您如何对格式为 [email protected] 的电子邮件进行email_list,并将唯一名称附加到新update_list?我会使用此update_list并将其转换为 CamelCase,但我不确定如何仅获取索引的一部分来搜索重复项。有没有办法使用正则表达式?不断获取 TpeError:预期的字符串或类似字节的对象。

import re

input_list = []
email_list = []
dup_email_list = []
domain_gmail = []
domain_outlook = []
dup_domain_gmail = []
dup_domain_outlook = []
update_list = []
camel_list = []
n = 0

while n < 5:
    input_list = []
    email = []
    # input_string split by ','; ignores whitespace
    input_string = input('enter first, last name, ID and email domain: ')
    if input_string == 'done':
        n=5
        break
    else:
        input_list = [x.strip() for x in input_string.split(',')]
        print(input_list)
    # convert input_list into email format [email protected]
    email = "{0}.{1}@{3}.com".format(*input_list)
    # convert email to lowercase
    email_lower =email.lower()
    print(email)
    # check ID validity (9 digits)
    if input_list[2].isdigit() and len(input_list[2]) == 9:
        print('valid ID')
        continue
    else:
        print('invalid ID')
        n = 0
    # check domain validity (gmail or outlook)
    if input_list[3] == 'gmail':
        email_list.append(email)
        domain_gmail.append(email)
        n = 0
    elif input_list[3] == 'outlook':
        email_list.append(email)
        domain_outlook.append(email)
        n = 0
    else:
        print('invalid domain!')
        n = 0
if n == 5:
    # append unique email_list indexes to dup_email_list
    for x in email_list:
        if x not in dup_email_list:
            dup_email_list.append(x)
    # append unique emails from domain_gmail to new list
    for x in domain_gmail:
        if x not in dup_domain_gmail:
            dup_domain_gmail.append(x)
    # append unique emails from domain_outlook to new list
    for x in domain_outlook:
        if x not in dup_domain_outlook:
            dup_domain_outlook.append(x)
    # append dup_email_list to update_list
    for string in dup_email_list:
       update_list = re.match(r'[a-z]{1}[.]{1}[a-z]{1}', dup_email_list)
    # append names from update_list to camel_list in CamelCase format FirstLast
    for x in dup_email_list:
        while i < len.update_list[i]:
            camel_list = re.split(r'[a-z]{1}[.]{1}[a-z]{1}', dup_email_list)
    # print cases
    print('mail list: ', dup_email_list)
    print('After grouping: ', dup_domain_gmail, dup_domain_outlook)
    print('After updating: ', update_list)
    print('CamelCase list: ', camel_list)

python 字符串 电子邮件 输入 格式

评论

0赞 Alexander 11/17/2022
if input_list[2].isdigit() and len(input_list[2]) == 9: print('valid ID') continue.............删除continue
0赞 Crimson 11/17/2022
谢谢 - 它现在取得了进展,但我仍然被困在正则表达式问题上,即从 dup_email_list 中为 update_list 和 CamelCase 查找唯一的名字和姓氏

答:

0赞 Alexander 11/17/2022 #1

这应该有效......实际上,我最终根本没有使用正则表达式,只是坚持使用字符串方法来拆分电子邮件地址并将其转换为驼峰大小写......
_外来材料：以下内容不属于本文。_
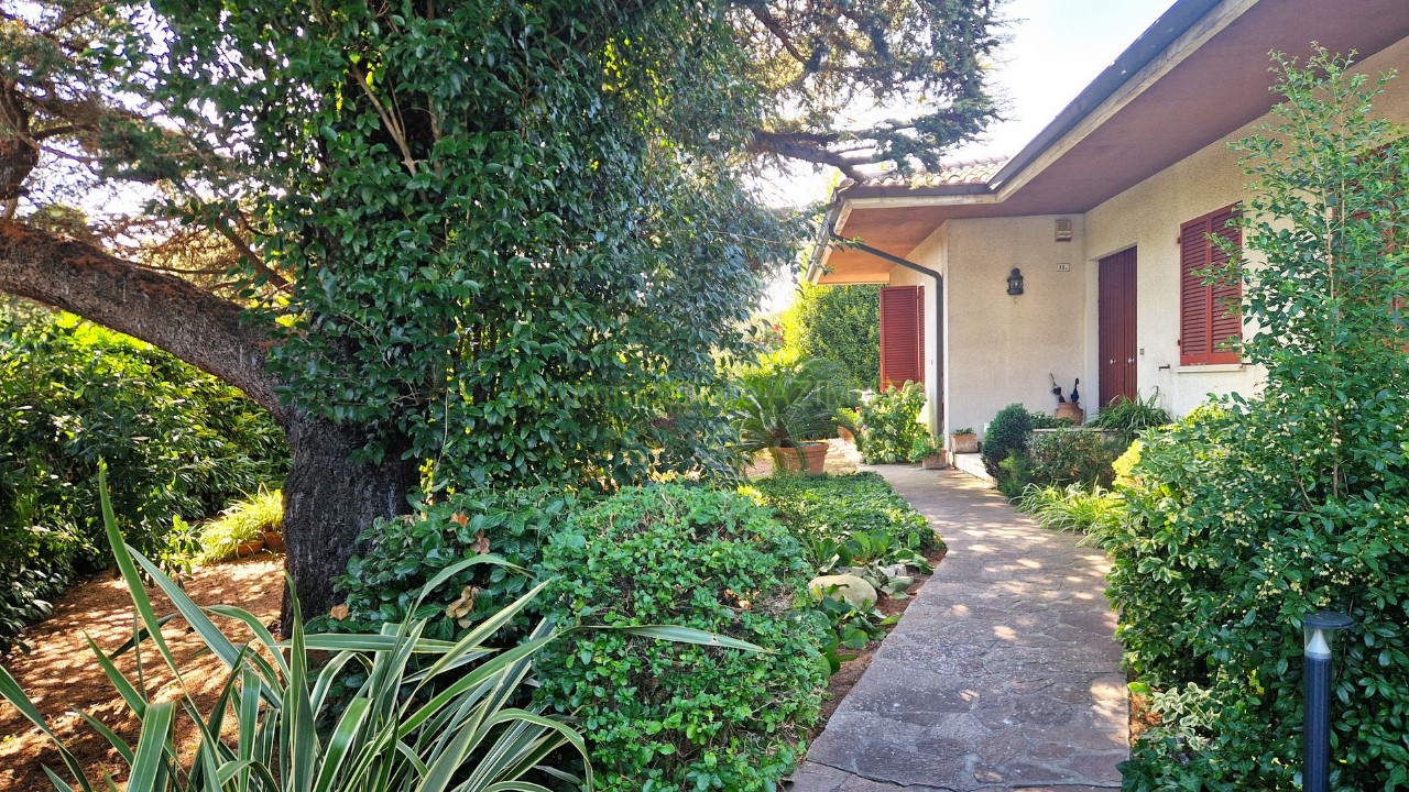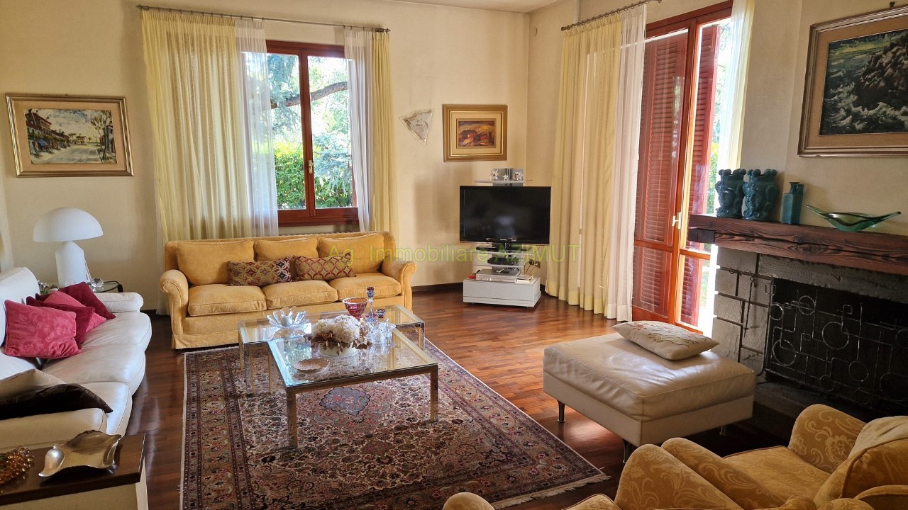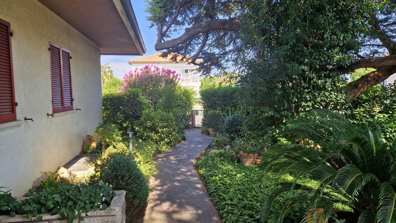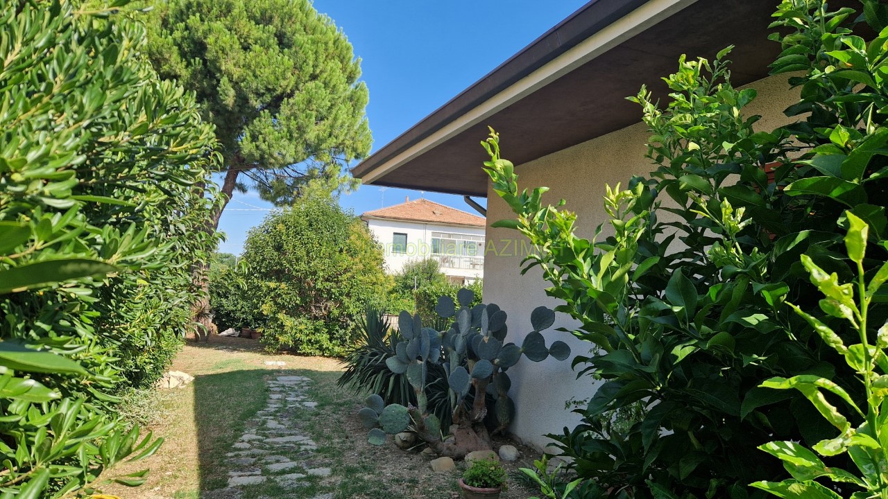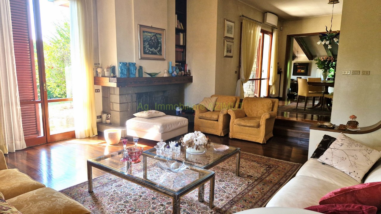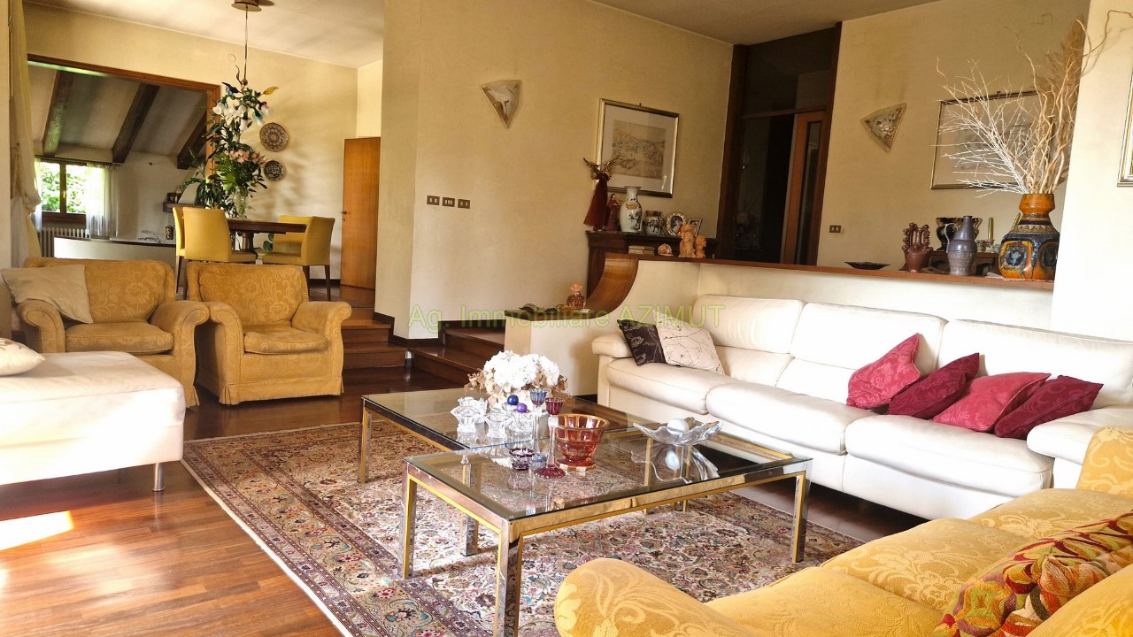 FANO: in zona limitrofa al Centro vendesi Villetta unifamiliare, costruita negli anni '70, in calcestruzzo intonacato, piano terra rialzato e piano Interrato, in lotto di mq. 970 circa con giardino piantumato di piante pregiate e siepe di Lauroceraso lungo il perimetro della proprietà. La villetta è così composta: PIANO TERRA rialzato di mq. 220 circa, ingresso, disimpegno, grande soggiorno luminoso con caminetto, sala da pranzo con affaccio al porticato di mq. 18 circa, attiguo altro grande locale adibito a "tavernetta" con travi a vista, caminetto ed angolo "bar"; cucina abitabile con accesso al giardino, zona notte composta da n. 2 camere matrimoniali, n. 1 camera singola, n. 2 bagni. Disimpegno con scala a chiocciola per l'accesso interno al PIANO INTERRATO di mq. 135 circa composto da garage, sala biliardo, ripostiglio, cantina e centrale termica. La Villetta è in buono stato di conservazione, in parte ristrutturata e rinfrescata anni '90,termosifoni a gas metano, infissi in legno douglas con ampie vetrate, le finiture lussuose dell'epoca mantengono tutto il loro fascino donando alla casa il sapore di quegli anni. Per maggiori informazioni chiamare Ag. Immobiliare AZIMUT al 335 7809070
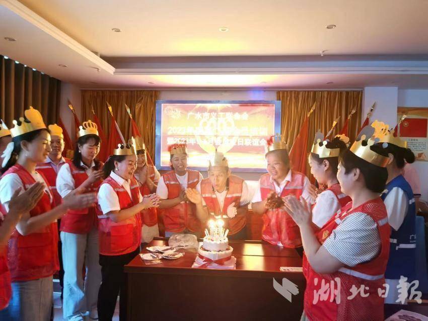 湖北日报客户端讯(通讯员程开军)6月30日晚,广水市义工联合会在应山街道双桥社区活动室举办“‘义’心向党·凝聚‘工’心”广水义工联集体培训生日会活动,同庆党的生日,感受党的温暖。
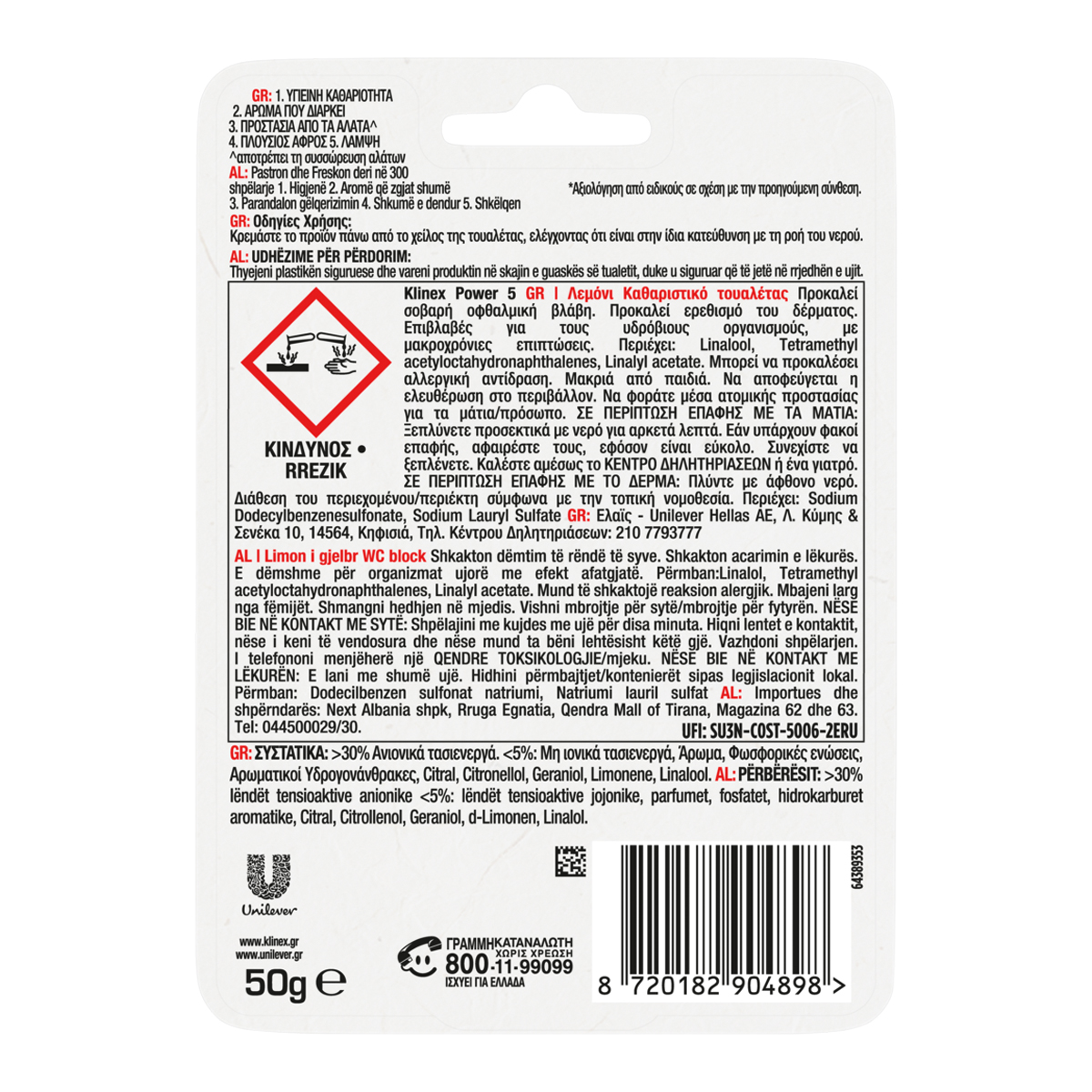 Τα Klinex WC Block Power 5 συνδυάζουν 5 δράσεις σε 1 χρήση! Έτσι, κάθε φορά που τραβάτε το καζανάκι, απελευθερώνεται η ειδική σύνθεσή τους, που αποτρέπει τη συσσώρευση αλάτων και διατηρεί την τουαλέτα σας υγιεινά καθαρή! Επιπλέον δημιουργούν πλούσιο αφρό και διατηρούν για μεγαλύτερο χρονικό διάστημα τη λεκάνη της τουαλέτας σας λαμπερή και καθαρή! Διάρκεια έως και 300 χρήσεις.

我还对脚本的其余部分进行了一些小的清理,主要是删除不必要的行。

email_list = []
dup_email_list = []
domain_gmail = []
domain_outlook = []
dup_domain_gmail = []
dup_domain_outlook = []
update_list = []
camel_list = []
n = 0

while True:
    # input_string split by ','; ignores whitespace
    input_string = input('enter first, last name, ID and email domain: ')
    if input_string == 'done':
        n=5
        break
    input_list = [x.strip() for x in input_string.split(',')]
    print(input_list)
    # convert input_list into email format [email protected]
    email = "{0}.{1}@{3}.com".format(*input_list)
    # convert email to lowercase
    email_lower = email.lower()
    print(email)
    # check ID validity (9 digits)
    if input_list[2].isdigit() and len(input_list[2]) == 9:
        print('valid ID')
    else:
        print('invalid ID')
        continue
    # check domain validity (gmail or outlook)
    if input_list[3] not in ['gmail', 'outlook']:
        print('invalid domain!')
        continue
    email_list.append(email)
    if input_list[3] == 'gmail':
        domain_gmail.append(email)
    else:
        domain_outlook.append(email)

# append unique email_list indexes to dup_email_list
for x in email_list:
    if x not in dup_email_list:
        dup_email_list.append(x)
# append unique emails from domain_gmail to new list
for x in domain_gmail:
    if x not in dup_domain_gmail:
        dup_domain_gmail.append(x)
# append unique emails from domain_outlook to new list
for x in domain_outlook:
    if x not in dup_domain_outlook:
        dup_domain_outlook.append(x)
# append dup_email_list to update_list
update_list += dup_email_list
# append names from update_list to camel_list in CamelCase format FirstLast
for x in update_list:
   name, domain = x.split('@')
   first, last = name.split('.')
   name = first.title() + last.title()
   camel_email = "@".join([name, domain])
   camel_list.append(camel_email)   
# print cases
print('mail list: ', dup_email_list)
print('After grouping: ', dup_domain_gmail, dup_domain_outlook)
print('After updating: ', update_list)
print('CamelCase list: ', camel_list)
0赞 ukBaz 11/17/2022 #2

将脚本作为一个大函数进行测试和调试变得困难。

我建议你把它分解成更小的函数,更容易测试。具有处理数据的小函数。然后有一个具有脚本业务逻辑的 main 函数。

我还将使用 Python 数据类来存储信息而不是列表。这将使它更具可读性。该数据类也将成为单一事实来源。然后,要获取其他列表,请使用提取所需信息的函数。

要获取唯一的字符串列表,可以使用 Python 功能从列表中删除重复项。set

这可能看起来像一个示例:

from dataclasses import dataclass


@dataclass
class UserInfo:
    first_name: str
    last_name: str
    user_id: int
    domain: str
    email: str = ''

    def __post_init__(self):
        self.email = f"{self.first_name}.{self.last_name}@{self.domain}.com".casefold()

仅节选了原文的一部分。